JEAN-YVES COUILLARD,

appelant,

et

SA MAJESTÉ LA REINE,

intimée.

____________________________________________________________________

Appel entendu sur preuve commune avec l'appel de Cécile Beauchemin (2003-3328(GST)I le 14 juillet 2004 à Montréal (Québec)

Devant : L'honorable juge Louise Lamarre Proulx

Comparutions :

Pour l'appelant :

l'appelant lui-même

Avocat de l'intimée :

Me Denis Émond

____________________________________________________________________

JUGEMENT

L'appel de la cotisation établie en vertu de la Loi sur la taxe d'accise dont l'avis porte le numéro 03401279 et est daté du 31 janvier 2003, pour la période du 1er octobre 1998 au 30 juin 2002, est admis et la cotisation est déférée au ministre du Revenu national pour nouvel examen et nouvelle cotisation, selon les motifs du jugement ci-joints.

Signé à Ottawa, Canada, ce 9e jour de décembre 2004.

« Louise Lamarre Proulx »

Juge Lamarre Proulx


Dossier : 2003-3328(GST)I

ENTRE :

CÉCILE BEAUCHEMIN,

appelante,

et

SA MAJESTÉ LA REINE,

intimée.

____________________________________________________________________

Appel entendu sur preuve commune avec l'appel de Jean-Yves Couillard (2003-3326(GST)I le 14 juillet 2004 à Montréal (Québec)

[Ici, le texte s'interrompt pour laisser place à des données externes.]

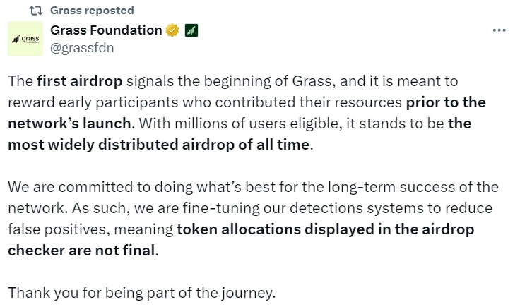 탈중앙화 인공지능(AI) 네트워크 그래스(Grass) 측이 7일(현지시간) X(구 트위터)를 통해 "우리는 네트워크의 장기적 성공을 위해 최선을 다하고 있으며, 이를 위해 시스템을 일부 조정 중이다"라며 "에어드롭 확인 도구에 표시된 토큰 할당이 최종 개수가 아니다"고 전했다.
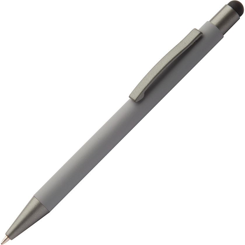Touchpen af aluminium med gummioverflade. Pga. den gummibehandlede overflade er kuglepennen meget lækker at skrive med. Mærkning lavet med lasergravering.
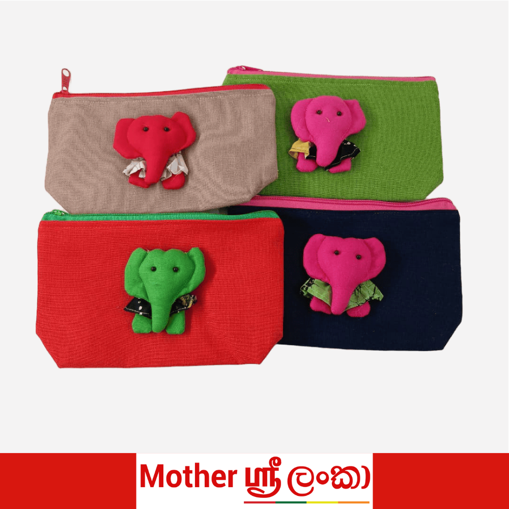 Add a playful touch to your stationery with these charming handcrafted pencil cases, proudly made in Sri Lanka. Each piece features a soft fabric body paired with an adorable 3D elephant design, carefully stitched by skilled local artisans. Designed for both style and function, these cases are perfect for storing pens, pencils, makeup, or small daily essentials. The secure zip closure keeps your items safe, while the vibrant colors and unique patterns make each piece a standout accessory. A beautiful blend of practicality and cultural craftsmanship, these pencil cases also make thoughtful gifts or travel keepsakes.
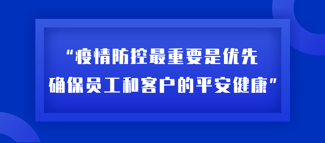 张总多次对工作小组强调:“疫情防控最重要是优先确保员工和客户的平安健康”。陈主任表示,基层一线是对外服务的窗口,是防控工作重中之重,集团全体同仁多一分担当,员工的安全就多一分保障,我们的客户和家人就多一分安康。
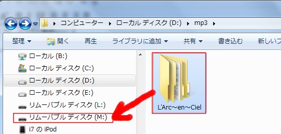 あとはリムーバルディスク上に作成したMP3をドラッグ&ドロップして

Devant : L'honorable juge Louise Lamarre Proulx

Comparutions :

Représentant de l'appelante :

Jean-Yves Couillard

Avocat de l'intimée :

Me Denis Émond

____________________________________________________________________

JUGEMENT

L'appel de la cotisation établie en vertu de la Loi sur la taxe d'accise dont l'avis porte le numéro 03401280 et est daté du 7 février 2003, pour la période du 1er octobre 1998 au 30 juin 2002, est admis et la cotisation est déférée au ministre du Revenu national pour nouvel examen et nouvelle cotisation, selon les motifs du jugement ci-joints.

Signé à Ottawa, Canada, ce 9e jour de décembre 2004.

« Louise Lamarre Proulx »

Juge Lamarre Proulx


Référence : 2004CCI805

Date : 20041209

Dossiers : 2003-3326(GST)I

2003-3228(GST)I

ENTRE :

JEAN-YVES COUILLARD,

CÉCILE BEAUCHEMIN,

appelants,

et

SA MAJESTÉ LA REINE,

intimée.

MOTIFS DU JUGEMENT

La juge Lamarre Proulx

[1]      Ces appels ont été entendus sur preuve commune. Les cotisations se rapportent à la période du 1er octobre 1998 au 2 juin 2002. Le litige concerne la réclamation des crédits de taxe sur intrants ( « CTI » ) à l'égard de la remise en état et de l'exploitation d'une cabane à sucre. Les appelants soutiennent que cette exploitation fait partie de leur entreprise agricole. Le ministre du Revenu national (le « Ministre » ) a soustrait cette exploitation des activités agricoles des appelants. Le Ministre soutient que les appelants n'exercent pas à cet égard une activité commerciale.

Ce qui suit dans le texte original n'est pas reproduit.